To coincide with the recent publication of Evie Woolmore’s new novel The Salt Factory, this week’s blog is an extract from Chapter 1. To read the prologue and the rest of the novel, please visit Amazon UK, US or any other Amazon site.
Lymington, July 1891
I don’t want to look at the dead bird for a moment longer than I have to.
At least, I think it is dead. It has been lying very still for several minutes but now, as the little girl beside me reaches out for it, its cloud-white breast surely twitches. The horse shies and whinnies, tugging at the harness I hold, its head jerking and rolling as if witnessing the most violent decay.
I must have imagined the fluttering of the bird’s heart. Its eyes are glassy, and from the horrible angle of its head, twisted almost back on itself against the wet sand, I guess its neck is broken. If it isn’t dead now, it will be soon.
My revolver hangs against my leg, in the folds of my skirt. It would be easy to put the wretched bird out of its misery. It would make a mess on the beach, but the sea would wash it away. The little girl would have to leave first, of course, and that might take some talking.
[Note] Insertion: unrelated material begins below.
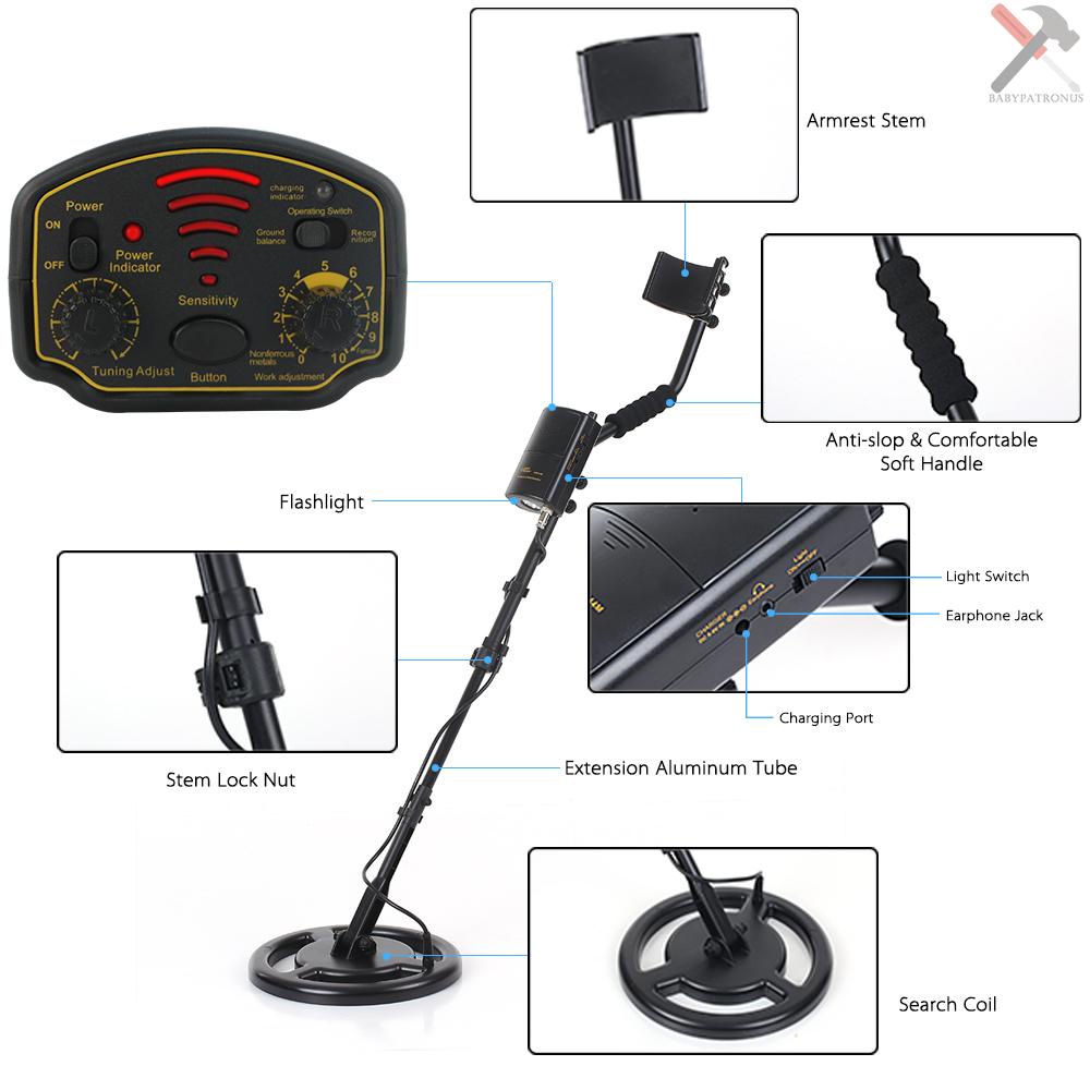 Features: Ground Balance & Recognition Mode - You can search nonferrous metal & ferrous metal with detection mode of ground balance & recognition. Great for detecting coins, jewelry, prospecting, shallow water hunting, beach hunting. Wide Usage - Perfect for finding metal objects and anywhere that hidden metal needs to be detected. Designed to Find Metal - Search gold & silver jewelry, coins and other metal in the ground. Audible & Visual Alarm with LED Light for Target Indication - You don't have to keep watching the detector, when an object is being detected, a beep sound will remind you. Lighting Function - Bright flashlight accesses convenient measurement in the dark. Adjustable Height of Metal Detector - Easy to adjust the detector's height for comfortable use. Earphone Jack - Provided for headphone connection. Both stereo or mono headphone can be used.

Talking which I don’t feel like doing.
How the bird could have come to such a fate, I can’t imagine. It isn’t as though it could have fallen off a rock, because there aren’t any. Nor could it have flown into something, unless it mistook the hot glossy shimmer of the wet beach for the clear summer sky faintly reflected in it.
The day is hot and oppressive. If I close my eyes, I might be back home in Colorado but for the vinegary sweet smell of seaweed harvested by the low tide and the mourning cries of other seagulls. My damned corset grips stiff and damp to my ribs, the bustle hangs like a canary cage off my behind, and the petticoat drags like a wet blanket, weighed down even more by the revolver. I long for the loose poplin shirts and trousers I wore on the ranch, for the simplicity of my holster. But first impressions are first impressions. And if the Magnus I remember from my childhood is anything like the Magnus I am about to see again, he would never permit such a breach of ladylike disposition. It will be shock enough for him to see me again. Best not make it worse.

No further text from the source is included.